→ **Task goal**:
The answer must consist only of the lines in the records below from the line with "머 제목부터 어렵다.정하기가..국어가..." to the line with "Description du produit", both included, copied word for word with every picture left out.

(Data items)

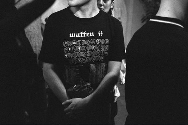 Right-wing radical with Mussolini watch and image and another with t-shirt with letters Skinhead and the
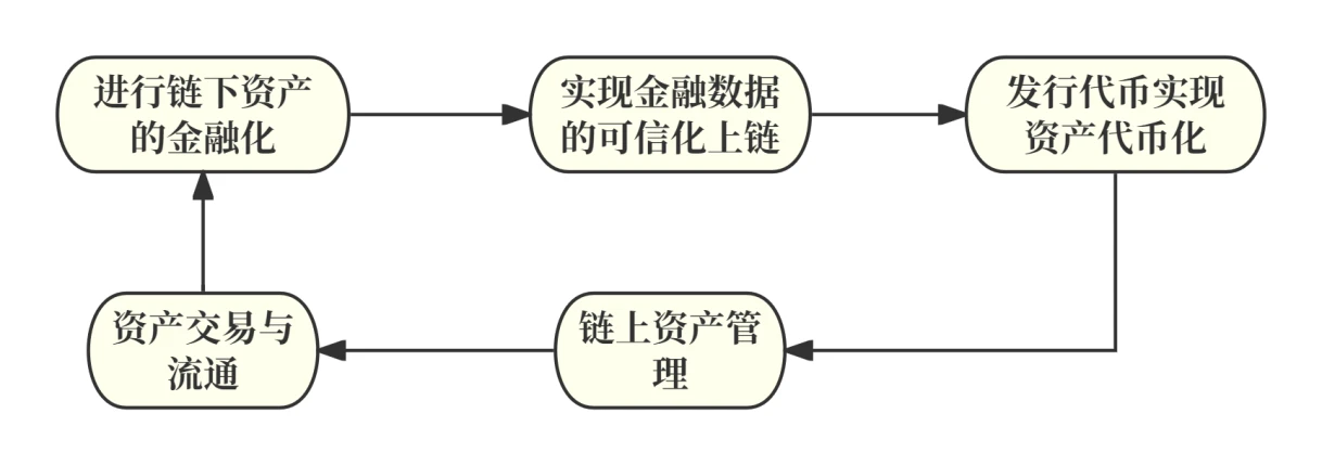 实际上,在 RWA 的框架下,代币化并不仅仅是指在区块链上发行一个代币的简单过程,它包含了一整套复杂的流程,这些流程涉及到链下真实世界中的资产关系。代币化的过程通常包括:底层资产的购买与托管、建立代币与这些资产之间的法律关联框架,以及最终的代币发行。通过这种代币化过程,链下的法律法规和相关产品操作流程被结合起来,使得代币持有者在法律上对底层资产拥有索取权。
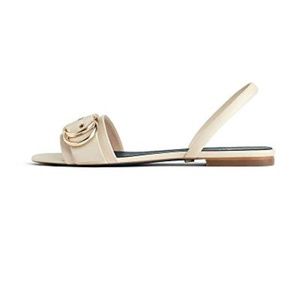 ZARA BLUE COLLECTION 100% LEATHER IVORY GOLD TONE BUCKLE SLIDES SANDALS
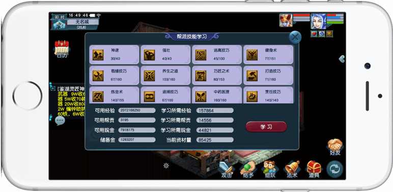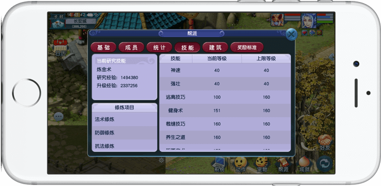 在“技能”处玩家可查看当前帮派技能的研究进度
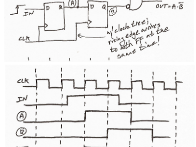 머 제목부터 어렵다.정하기가..국어가... 왜 - 시나리오어떤 신호가 '1' 인 상태로 여러 클럭에 걸쳐져 있다.그런데 나는 '0' 에서 '1'로 올라간 이벤트를 알려주는 것처럼 한 번의 사건에 한 클럭만큼의 이벤트 펄스를 만들기를 원한다.해결은 그림으로이렇게 하면 된다. 즉 그림의 OUT 신호를 보고 사용하면 해결~~그림은 남이 그린 것이므로 원본글의 위치를 알려드립니다.보시고 HDL 코드도 필요하다고 생각하시면 해당글에 가셔서 꼭 읽어보세요. http://www.boldport.com/blog/2015/4/3/edge-detect-ad-nauseam 즐~~
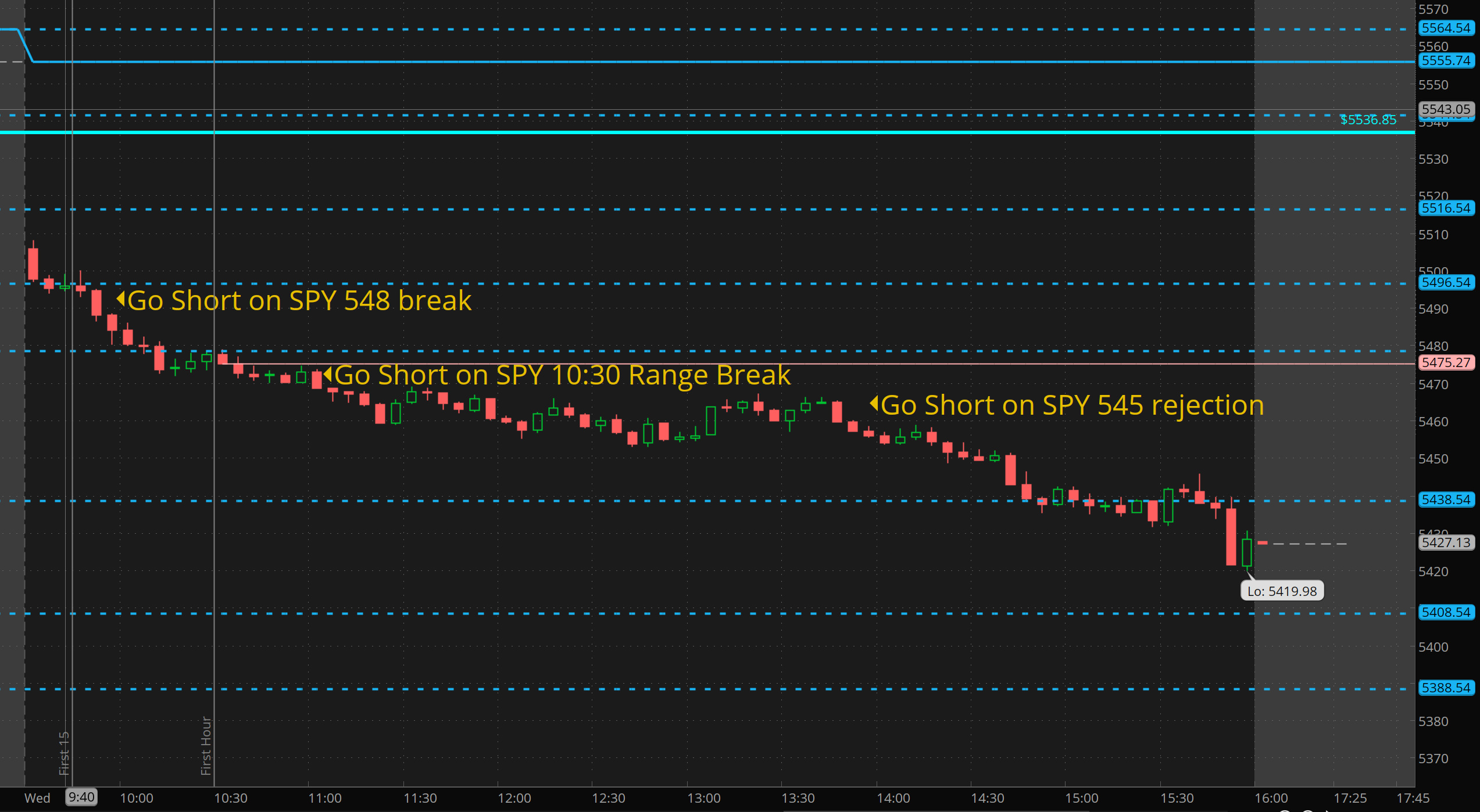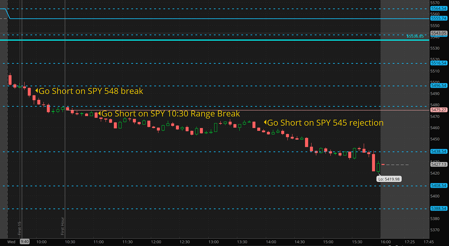 Let’s review. Yesterday SPY broke 548. I spent most of the day waiting for a pop to get entry. I alerted I was hawking SPX 5450p for $2 when it was around $3 after lunch. It dipped to $2.60 and than ripped to $28 by end of day!! I ended up chasing at $4.
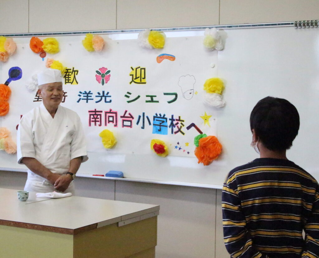 児童からは「料理で大切にしていることは?」「食材の選び方は?」「今まで困難なことがあったときどのように乗り越えたか?」などの質問があがり、シェフからは、50年間にわたる料理人としての経験から、「困難なことがあってもプラスに考えて行動することが大事」という思いが伝えられ、児童たちはメモをとりながら真剣な表情で耳を傾けていました。
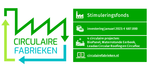 De vier bedrijven en projecten die geselecteerd zijn voor een bijdrage uit het fonds zijn BioPanel, Waterronde Eerbeek, Leadax Circular Roofing en Circufloc.
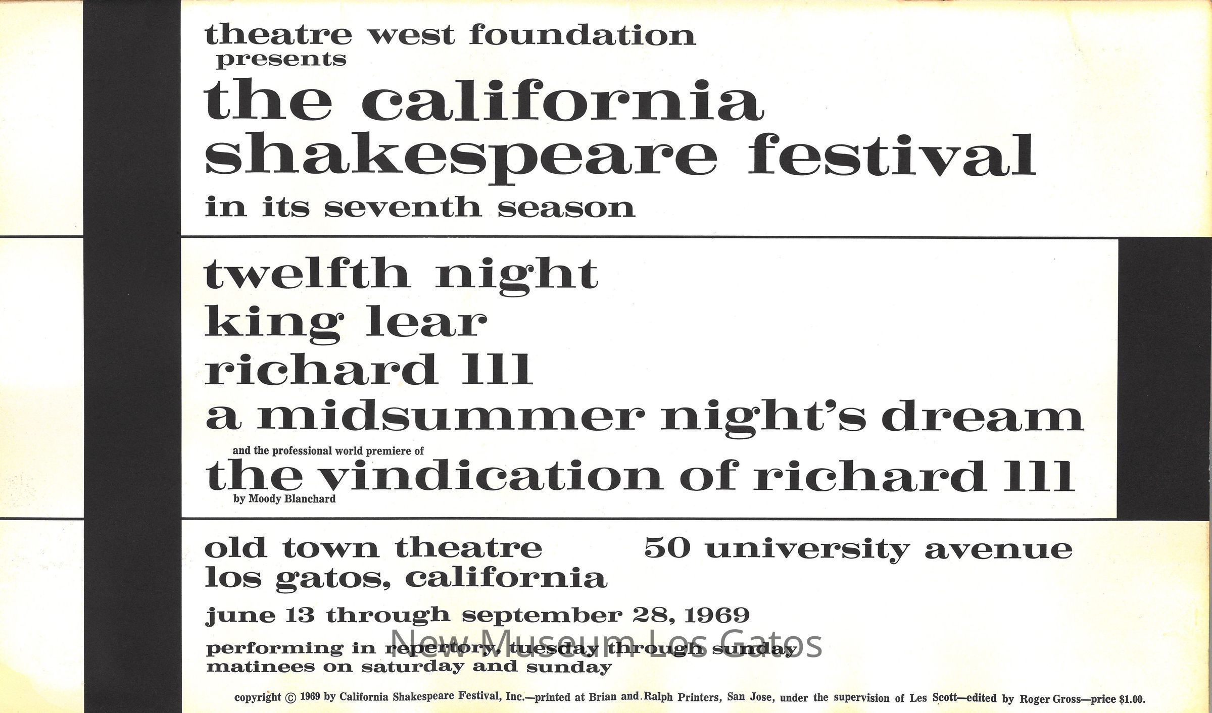 A souvenir program for the California Shakespeare Festival's 1969 season. The cover of the program features a black and white photograph of David Stiers as King Lear, with red text overlaid.
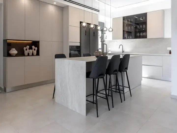ثم تأتي الجزيرة. ففي المطبخ المفتوح، لا تؤدي الجزيرة وظيفة حمل المقاعد العالية أو توفير مساحة للتحضير فقط، بل تعمل كمفصل بين الطهي والتجمّع. يمكنك العمل من جهة، والاتكاء أو الحديث أو التقديم من الجهة الأخرى. وهذا العنصر يصنع حدًّا اجتماعيًا.
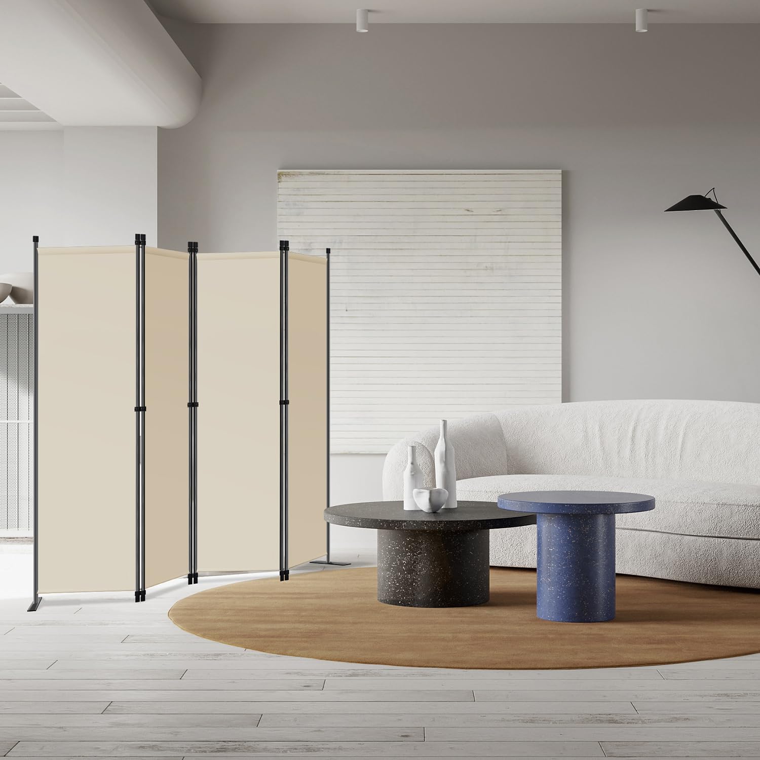 Description du produit moderne gris foncé à plusieurs panneaux, illustré à côté d'un canapé blanc incurvé et de tables d'appoint cylindriquesmoderne gris foncé à plusieurs panneaux, illustré à côté d'un canapé blanc incurvé et de tables d'appoint cylindriques
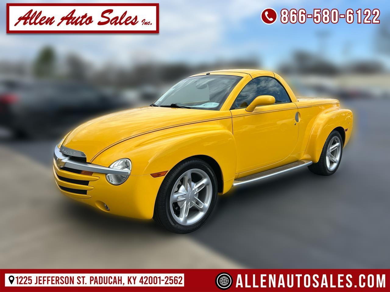 Cruise down the road in vibrant style with this stunning Yellow 2004 Chevrolet SSR! This convertible truck boasts a powerful Vortec 5300 V8 engine under the hood, delivering an exhilarating driving experience. With rear-wheel drive and a Zexel-torsen limited-slip rear differential, this SSR is ready to hit the open road with confidence.Equipped with a sport suspension package and sleek 19-inch front and 20-inch rear touring tires, this Chevy SSR offers a smooth and thrilling ride. The power retractable hard top allows you to enjoy the sunshine at the touch of a button, while the leather-wrapped steering wheel provides a luxurious driving experience.
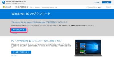 October 2018 Update ダウンロードページから[今すぐアップデート]をクリック
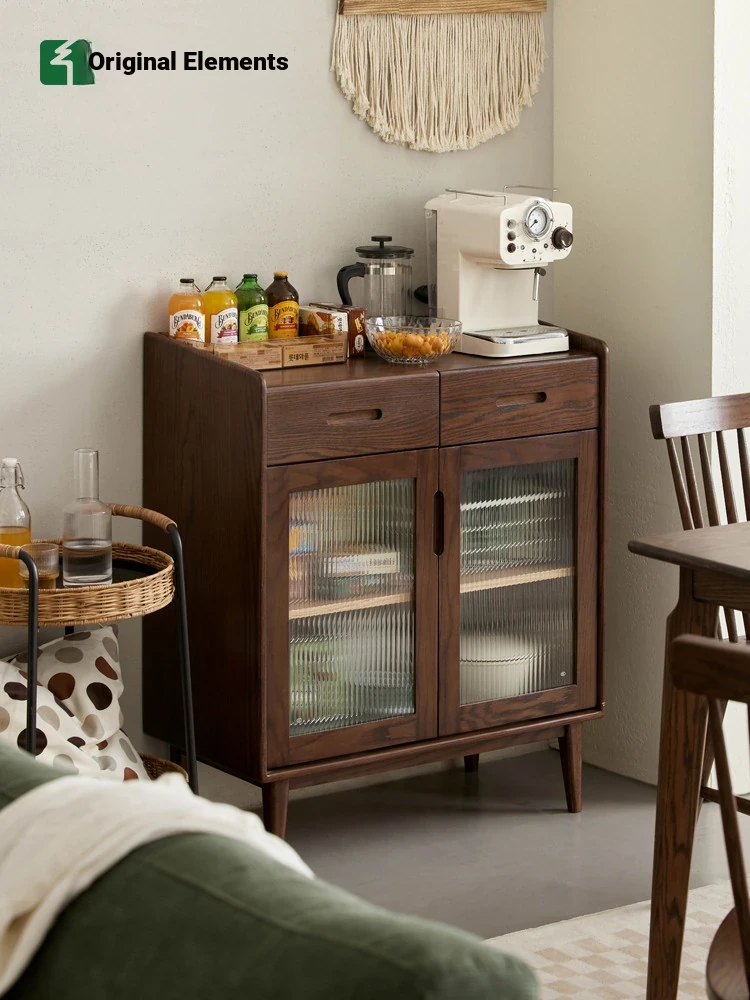 Elevate Your Dining Space with Our Original Element Solid Wood Sideboard - Functional Oak and Walnut Storage Cabinet, Minimalist Design for Dining Rooms and Tea Areas - Model F8141

→ **Response to the exercise**:
 머 제목부터 어렵다.정하기가..국어가... 왜 - 시나리오어떤 신호가 '1' 인 상태로 여러 클럭에 걸쳐져 있다.그런데 나는 '0' 에서 '1'로 올라간 이벤트를 알려주는 것처럼 한 번의 사건에 한 클럭만큼의 이벤트 펄스를 만들기를 원한다.해결은 그림으로이렇게 하면 된다. 즉 그림의 OUT 신호를 보고 사용하면 해결~~그림은 남이 그린 것이므로 원본글의 위치를 알려드립니다.보시고 HDL 코드도 필요하다고 생각하시면 해당글에 가셔서 꼭 읽어보세요. http://www.boldport.com/blog/2015/4/3/edge-detect-ad-nauseam 즐~~
 Let’s review. Yesterday SPY broke 548. I spent most of the day waiting for a pop to get entry. I alerted I was hawking SPX 5450p for $2 when it was around $3 after lunch. It dipped to $2.60 and than ripped to $28 by end of day!! I ended up chasing at $4.
 児童からは「料理で大切にしていることは?」「食材の選び方は?」「今まで困難なことがあったときどのように乗り越えたか?」などの質問があがり、シェフからは、50年間にわたる料理人としての経験から、「困難なことがあってもプラスに考えて行動することが大事」という思いが伝えられ、児童たちはメモをとりながら真剣な表情で耳を傾けていました。
 De vier bedrijven en projecten die geselecteerd zijn voor een bijdrage uit het fonds zijn BioPanel, Waterronde Eerbeek, Leadax Circular Roofing en Circufloc.
 A souvenir program for the California Shakespeare Festival's 1969 season. The cover of the program features a black and white photograph of David Stiers as King Lear, with red text overlaid.
ثم تأتي الجزيرة. ففي المطبخ المفتوح، لا تؤدي الجزيرة وظيفة حمل المقاعد العالية أو توفير مساحة للتحضير فقط، بل تعمل كمفصل بين الطهي والتجمّع. يمكنك العمل من جهة، والاتكاء أو الحديث أو التقديم من الجهة الأخرى. وهذا العنصر يصنع حدًّا اجتماعيًا.
 Description du produit moderne gris foncé à plusieurs panneaux, illustré à côté d'un canapé blanc incurvé et de tables d'appoint cylindriquesmoderne gris foncé à plusieurs panneaux, illustré à côté d'un canapé blanc incurvé et de tables d'appoint cylindriques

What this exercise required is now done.